Right now the HCC school is on vacation, so only the residential orphans are at HCC right now. There continues to be the issue of completing the toilets and both Jim and I are pretty frustrated with this problem. But we are encouraged that the HCC board had a meeting a week ago and put in place some new mechanisms by which funds from donors or school fees will be handled and distributed so that the process is more transparent to everyone. It will now take the signature of three HCC board members to release any funds and we hope this will help us with our requests for receipts and accountability, which at times has been spotty. Both Jim and I have given the medical funds directly to Dr. Jeremy and I probably will continue to do so until the HCC board maps out how they will address the long term care of the orphans.
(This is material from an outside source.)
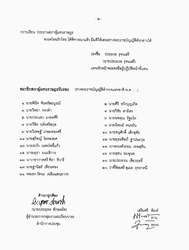 ร่างพระราชบัญญัติตำรวจแห่งชาติ พ.ศ..... (ว่าที่ร้อยตรีไพโรจน์ สุวรรณฉวี กับคณะ เป็นผู้เสนอ)
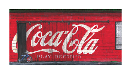 Coca-Cola “Play Refreshed” sign and slogan inspired illustration painting is created by Dan Murphy and reproduced on canvas.

I am very grateful to Jim for helping develop the HCC board last January, but it has created some challenges. The board that Zablon had before January 2007 was more a "rubber stamp" and this board is not. Zablon is learning that as the director answerable to a board, he no longer has direct authority to make any decision he wants. He needs to consult his board and they need to make a decision together. This is a major switch for him and it has taken time for him to learn what his new role is. There is a saying in Kenya, "Slowly by slowly things get done" and it does take a lot of patience to work through some of the differences between our two cultures. While we Americans feel strongly about the priorities and about the welfare of the children, the Kenyans have to work through their community consensus building, and this can be a slow process as it is a complicated society and I cannot begin to understand all the layers of personal, community and political complexities. There is the urge to tell them what to do, and then there is the knowledge that this urge is also part of the problem because it feeds into colonialism and expectations of us, the foreigners, to solve their problems. So both Jim and I are still finding our way with how to balance American expectations (our own and that of our donors) with Kenyan self-empowerment. One thing that is clear to me...the children need our voices and they need to be the ones that we focus upon when the relationships between the adults, both Kenyan and American, become messy.